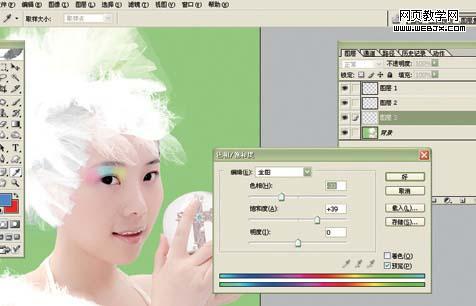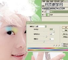 | 13、在人物眼尾處做選區(qū),羽化半徑為20 象素,復制選區(qū)圖層,執(zhí)行色相/ 飽和度,參數(shù)如下: 色相-33、飽和度+39。 |
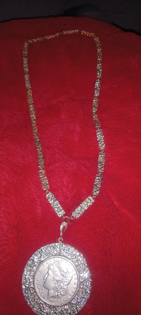 1886.. O Morgan Silver Dollar .Chain .Made Out Of Coin Silver.26 In ..129 Gram
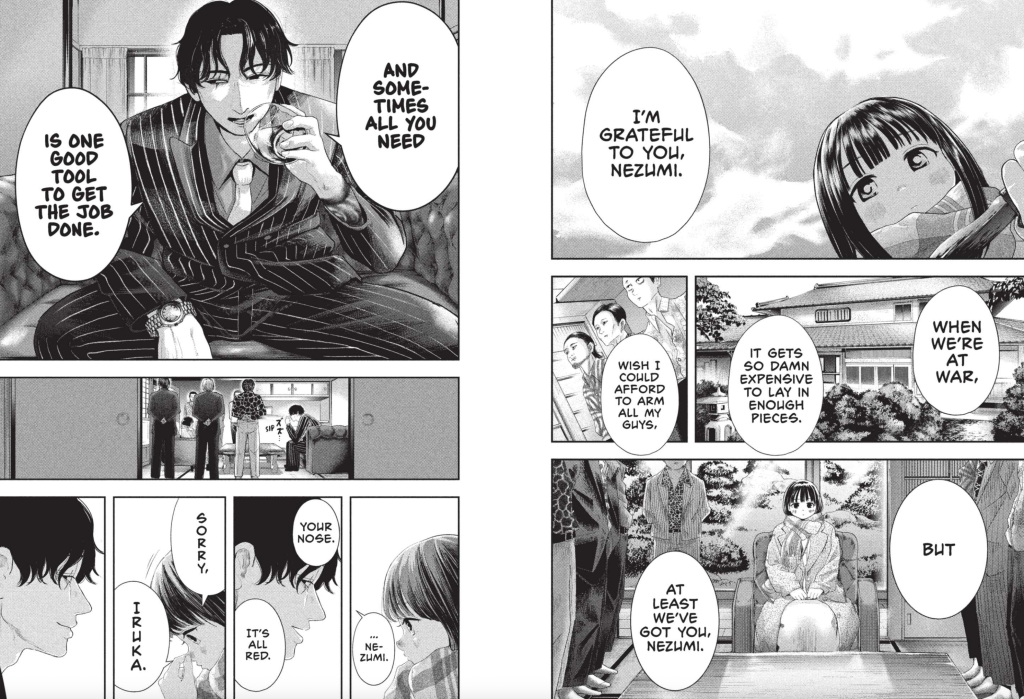 This is a romance series mixed with the dark underbelly of a yakuza story. As a child, Nezumi was held captive by the yakuza and eventually ended up murdering one of them. She’s proven her value as a killer and the current head of the family swears her sins have been forgiven, but there’s an underlying sense that they’re looking for an excuse to get rid of her. Perhaps in the future, should Ao become useful, they’ll turn him against her? Or perhaps Nezumi and Ao will team up to take down the yakuza and free themselves of this life.
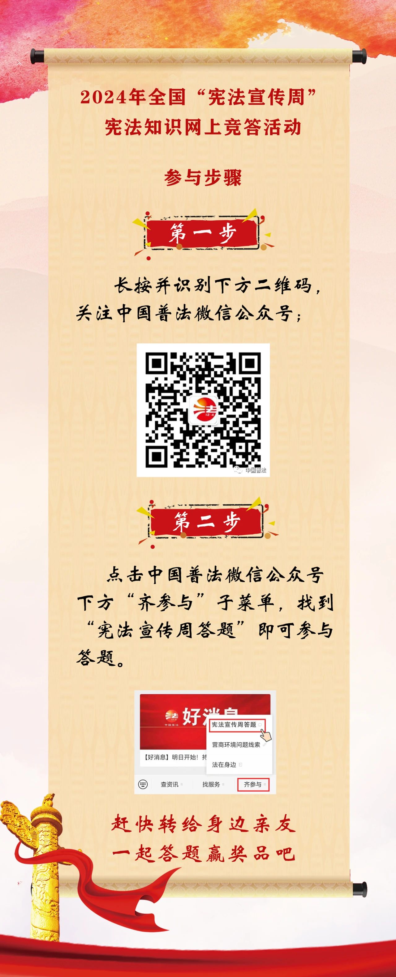 今年是中华人民共和国成立75周年,12月4日是第十一个国家宪法日。中国普法微信公众号从12月1日起,举办2024年全国“宪法宣传周”宪法知识网上竞答活动,至12月30日结束,共计30天。
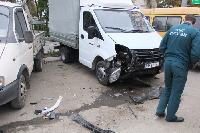 Около двух часов дня на автостоянке, расположенной на пересечении ул. Станиславского и Городского переулка, напротив магазина автозапчастей, произошло ДТП с участием сразу 5-и автомобилей.
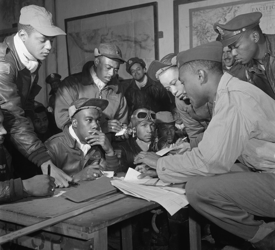Read moreSeveral Tuskegee airmen. Front row, left to right: unidentified airman; Jimmie D. Wheeler (with goggles); Emile G. Clifton (cloth cap), San Francisco. Standing left to right: Ronald W. Reeves (cloth cap), Washington, D.C.; Hiram Mann (leather cap); Joseph L. "Joe" Chineworth (wheel cap), Memphis; Elwood T. Driver(?), Los Angeles; Edward "Ed" Thomas (partial view); Woodrow W. Crockett (wheel cap); in Ramitelli, Italy, in March of 1945. #
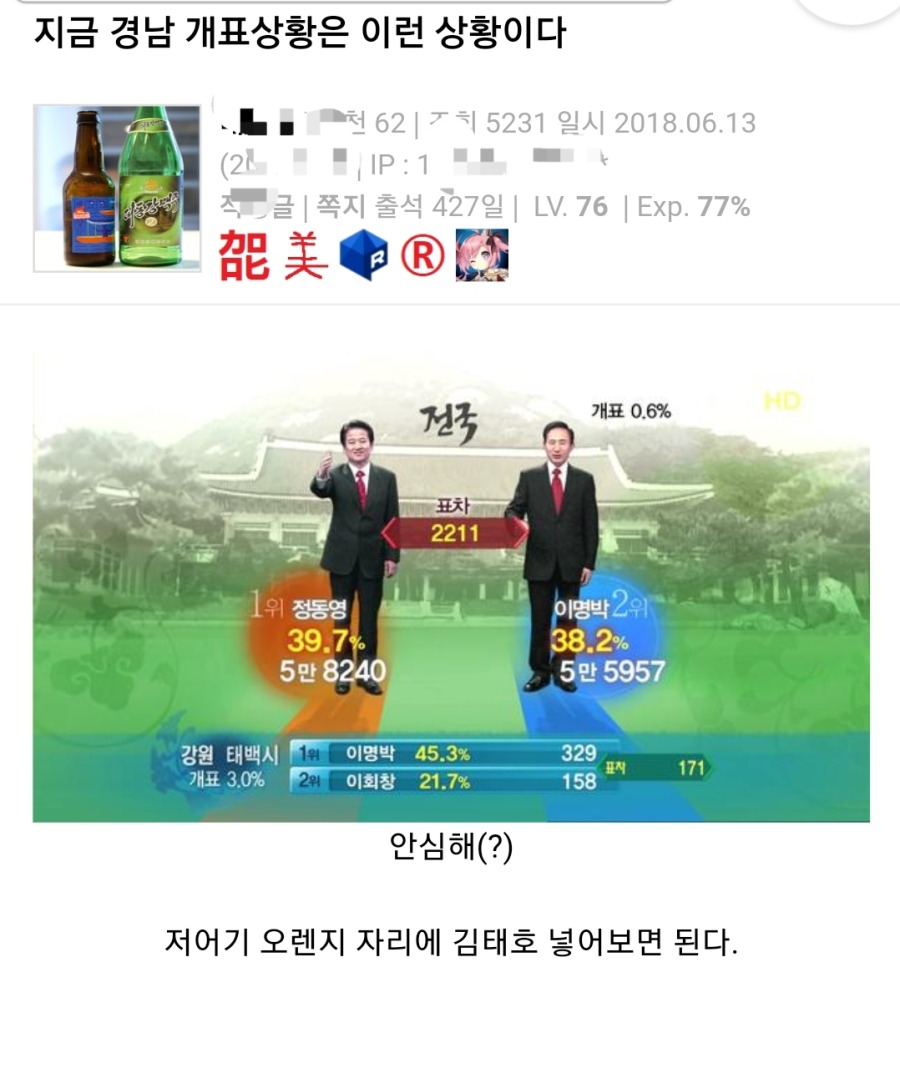 작성자BrUceKaNG 작성시간 18.06.13 이번 출구조사보고 뭔가 심심했는데..경남, 인천 역전 기다리면서 즐겨야겠다ㅎ
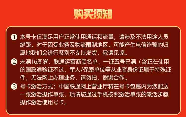 8、用户在后续激活使用过程中,如当月出现欠费停机等情况,需要缴清历史欠费,才可继续使用。
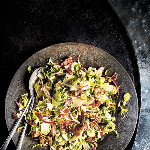 Brstični ohrovt otrebimo in mu odstranimo porjavele zunanje lističe, nato ga naribamo na tanke rezine. Damo ga v skledo z ledeno mrzlo osoljeno vodo, medtem pa nadaljujemo s pripravo solate.
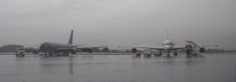 DC-8 and KC-135 in the afternoon rain.
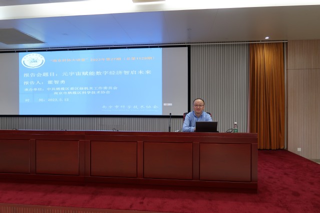 5月12日,由栖霞区科技局、科协、区级机关工委举办的2023年第27期“南京科协大讲堂”在仙林商务中心二楼会议室开讲,我院数字媒体技术系主任霍智勇教授作《元宇宙赋能数字经济智启未来》主题讲座,栖霞区150余名机关干部参加。
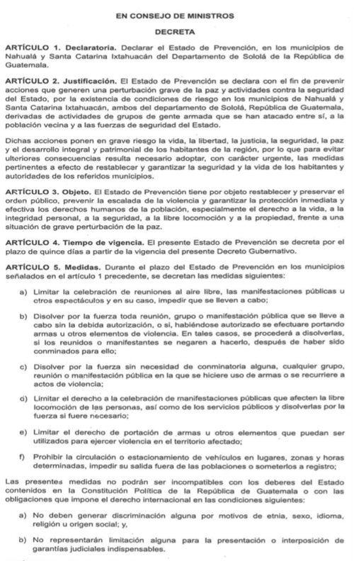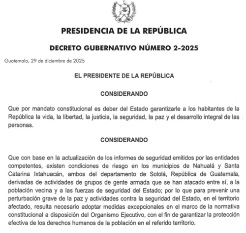 Este martes 30 de diciembre, el Diario de Centro América publicó el Decreto 2-2025, el cual afirma que el Estado de Prevención declarado por el presidente Bernardo Arévalo, en los municipios de Nahualá y Santa Catarina Ixtahuacán, de Sololá, se extenderá por 15 días más.
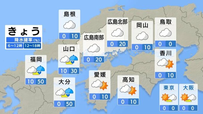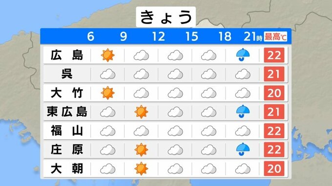 きょう22日(水)の広島県の朝は、雲が広がっています。冷え込みは平年並みのところが多く、最低気温は広島12.3℃、福山9.0℃、三次4.8℃でした。
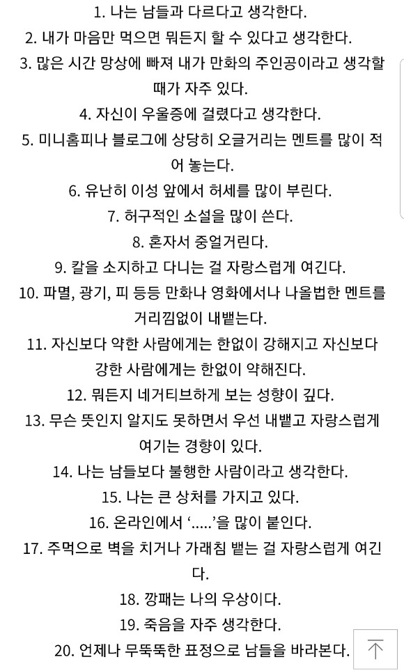 10점이 넘으면 아직 철이 덜 든 사람으로 여기서부터 중2병으로
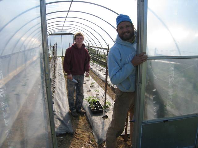 Alex ready to pull a tunnel off tender lettuces and over prepared beds
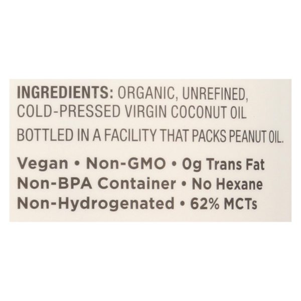 ingredients : organic;unrefined;cold-pressed virgin coconut oil
==*==
> **PROBLEM TO SOLVE**
An exact copy is needed of the entries above, starting at the line that holds "今年是中华人民共和国成立75" and stopping at the line that holds "Alex ready to", both kept; pictures stay out.

> **SOLUTION FOR THIS PROBLEM**
 今年是中华人民共和国成立75周年,12月4日是第十一个国家宪法日。中国普法微信公众号从12月1日起,举办2024年全国“宪法宣传周”宪法知识网上竞答活动,至12月30日结束,共计30天。
 Около двух часов дня на автостоянке, расположенной на пересечении ул. Станиславского и Городского переулка, напротив магазина автозапчастей, произошло ДТП с участием сразу 5-и автомобилей.
Read moreSeveral Tuskegee airmen. Front row, left to right: unidentified airman; Jimmie D. Wheeler (with goggles); Emile G. Clifton (cloth cap), San Francisco. Standing left to right: Ronald W. Reeves (cloth cap), Washington, D.C.; Hiram Mann (leather cap); Joseph L. "Joe" Chineworth (wheel cap), Memphis; Elwood T. Driver(?), Los Angeles; Edward "Ed" Thomas (partial view); Woodrow W. Crockett (wheel cap); in Ramitelli, Italy, in March of 1945. #
 작성자BrUceKaNG 작성시간 18.06.13 이번 출구조사보고 뭔가 심심했는데..경남, 인천 역전 기다리면서 즐겨야겠다ㅎ
 8、用户在后续激活使用过程中,如当月出现欠费停机等情况,需要缴清历史欠费,才可继续使用。
 Brstični ohrovt otrebimo in mu odstranimo porjavele zunanje lističe, nato ga naribamo na tanke rezine. Damo ga v skledo z ledeno mrzlo osoljeno vodo, medtem pa nadaljujemo s pripravo solate.
 DC-8 and KC-135 in the afternoon rain.
 5月12日,由栖霞区科技局、科协、区级机关工委举办的2023年第27期“南京科协大讲堂”在仙林商务中心二楼会议室开讲,我院数字媒体技术系主任霍智勇教授作《元宇宙赋能数字经济智启未来》主题讲座,栖霞区150余名机关干部参加。
 Este martes 30 de diciembre, el Diario de Centro América publicó el Decreto 2-2025, el cual afirma que el Estado de Prevención declarado por el presidente Bernardo Arévalo, en los municipios de Nahualá y Santa Catarina Ixtahuacán, de Sololá, se extenderá por 15 días más.
 きょう22日(水)の広島県の朝は、雲が広がっています。冷え込みは平年並みのところが多く、最低気温は広島12.3℃、福山9.0℃、三次4.8℃でした。
 10점이 넘으면 아직 철이 덜 든 사람으로 여기서부터 중2병으로
 Alex ready to pull a tunnel off tender lettuces and over prepared beds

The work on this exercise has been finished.